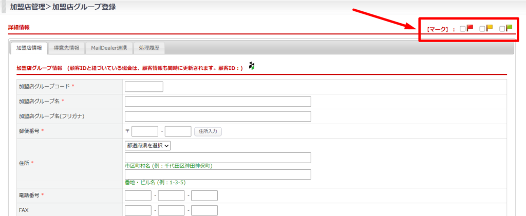 加盟店 > 加盟店グループ管理 > 加盟店グループの詳細画面の右上にて、内部管理用のマークを任意で設定できます(複数設定可)。
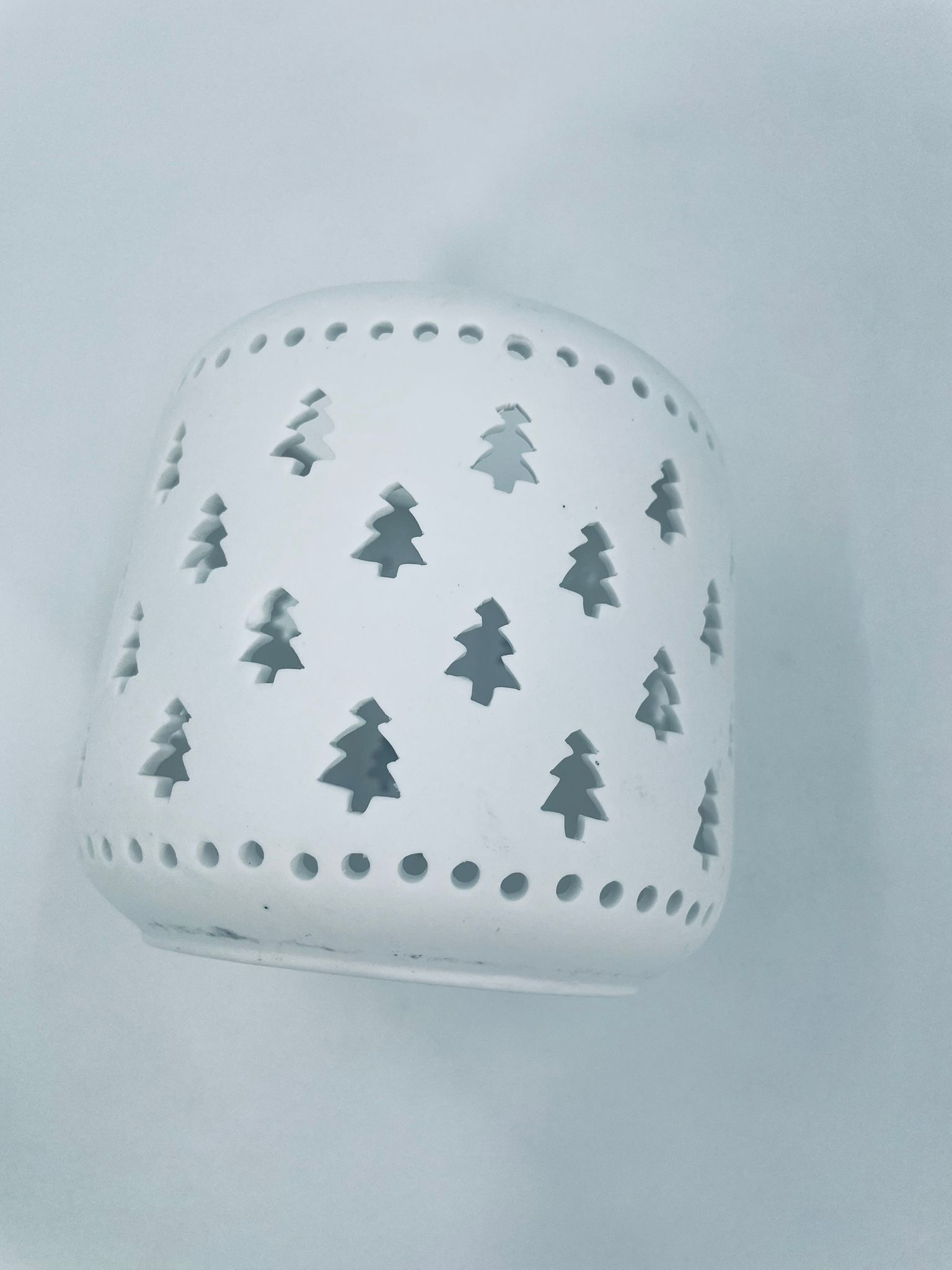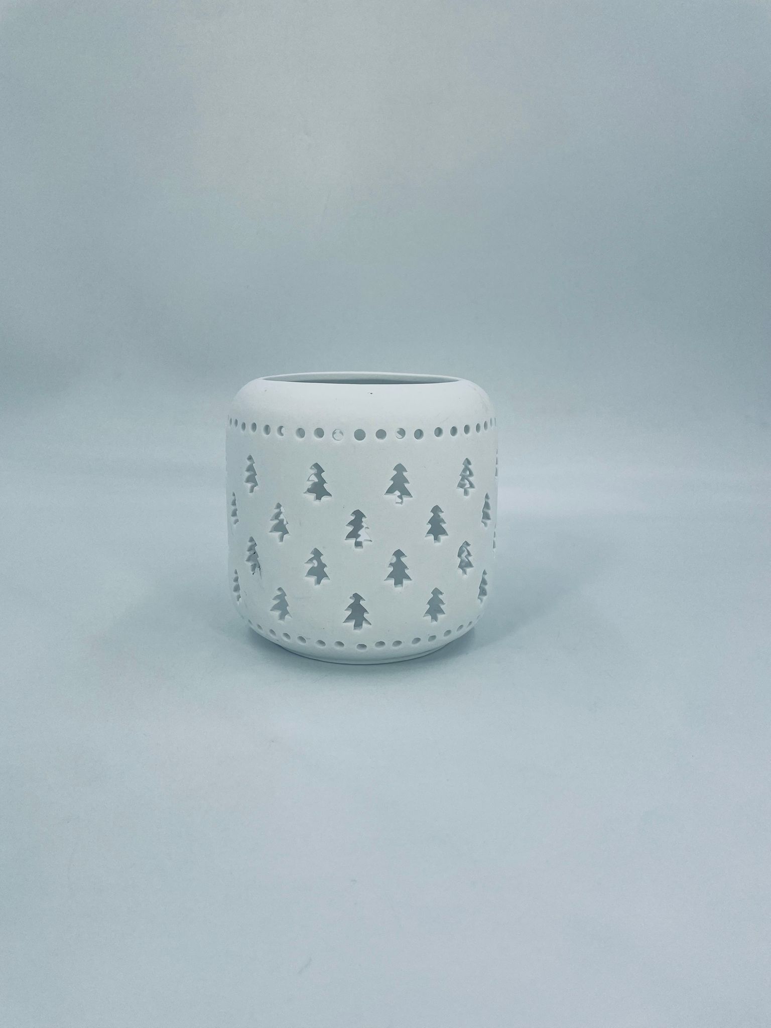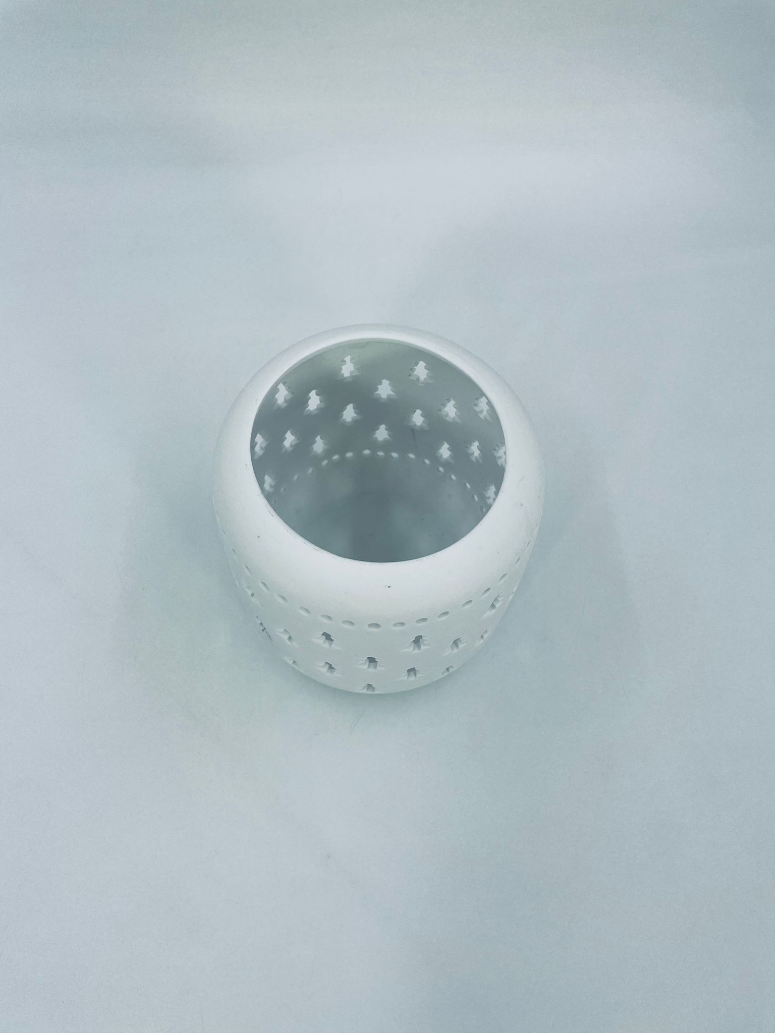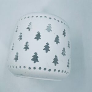 A decorative candle holder in vintage style, made of high-quality white ceramic. The candle holder has decorative cut-outs in the shape of Christmas trees and small dots at the top and bottom. It has minor stains on the base.
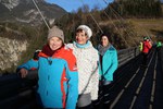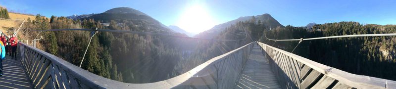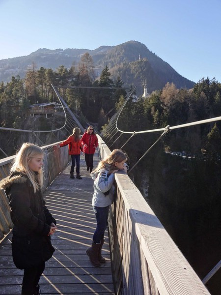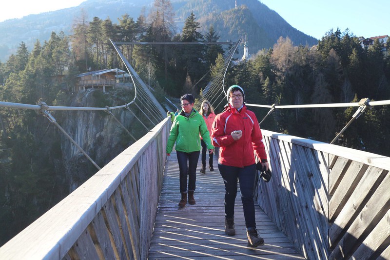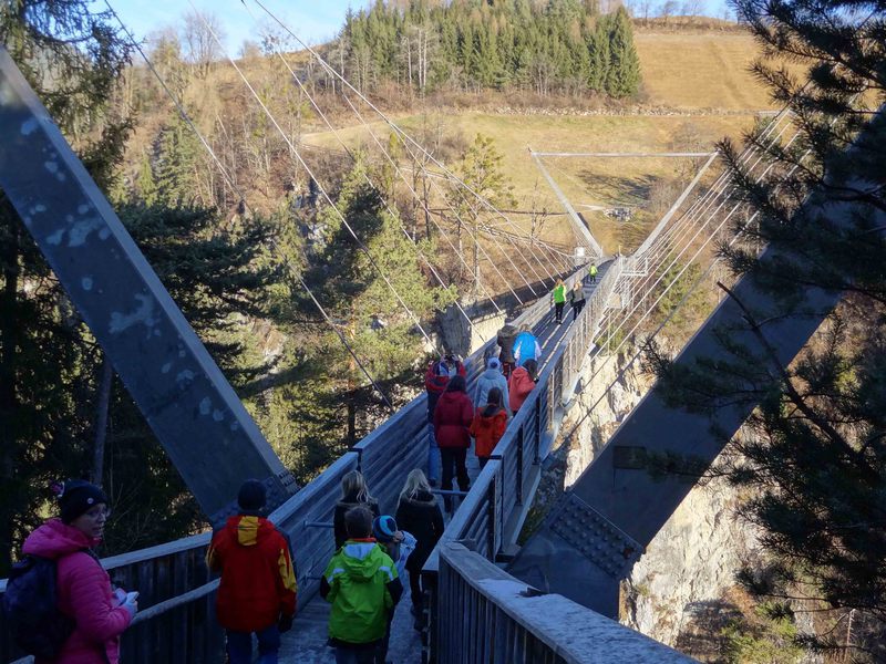 Nach der sehr gelungenen Ausfahrt im letzten Jahr, haben sich auf Empfehlung wesentlich mehr Skifan´s angemeldet. Leider konnten wir nicht alle unterbringen. Schade für alle die nicht mit konnten. Wie schon im vergangenen Jahr war Schnee auch dieses Mal zum Jahresbeginn Mangelware. Da im Alpenvorland nur eine hauchdünne Schneedecke vorhanden war und in den Skigebieten auf der Strecke mit Skibetrieb Warezeiten vermutet wurden, entschloss sich die Leitung direkt zum Hotel zu fahren. Herr Staggl der Chef des Arzler Hofs wartete schon mit den Zimmerkarten auf uns. Als Ersatzprogramm konnte zwischen Baden, Relaxen und Wandern gewählt werden. Ein Großteil der Gruppe machte sich auf zur Benni Reichbrücke (eine Hängebrücke über die Pitze). Beim Begehen der schwankenden Brücke war es manchem/r schon etwas mulmig. Zurück im Hotel hat uns die erste Skifahrerjause erwartet und etwas später das Menue vom Buffet.

### What needs to be done
Nothing but the lines from the one containing "A decorative candle" through the last line of the material may appear in the answer, transcribed exactly and with no pictures.

### Finished exercise
 A decorative candle holder in vintage style, made of high-quality white ceramic. The candle holder has decorative cut-outs in the shape of Christmas trees and small dots at the top and bottom. It has minor stains on the base.
 Nach der sehr gelungenen Ausfahrt im letzten Jahr, haben sich auf Empfehlung wesentlich mehr Skifan´s angemeldet. Leider konnten wir nicht alle unterbringen. Schade für alle die nicht mit konnten. Wie schon im vergangenen Jahr war Schnee auch dieses Mal zum Jahresbeginn Mangelware. Da im Alpenvorland nur eine hauchdünne Schneedecke vorhanden war und in den Skigebieten auf der Strecke mit Skibetrieb Warezeiten vermutet wurden, entschloss sich die Leitung direkt zum Hotel zu fahren. Herr Staggl der Chef des Arzler Hofs wartete schon mit den Zimmerkarten auf uns. Als Ersatzprogramm konnte zwischen Baden, Relaxen und Wandern gewählt werden. Ein Großteil der Gruppe machte sich auf zur Benni Reichbrücke (eine Hängebrücke über die Pitze). Beim Begehen der schwankenden Brücke war es manchem/r schon etwas mulmig. Zurück im Hotel hat uns die erste Skifahrerjause erwartet und etwas später das Menue vom Buffet.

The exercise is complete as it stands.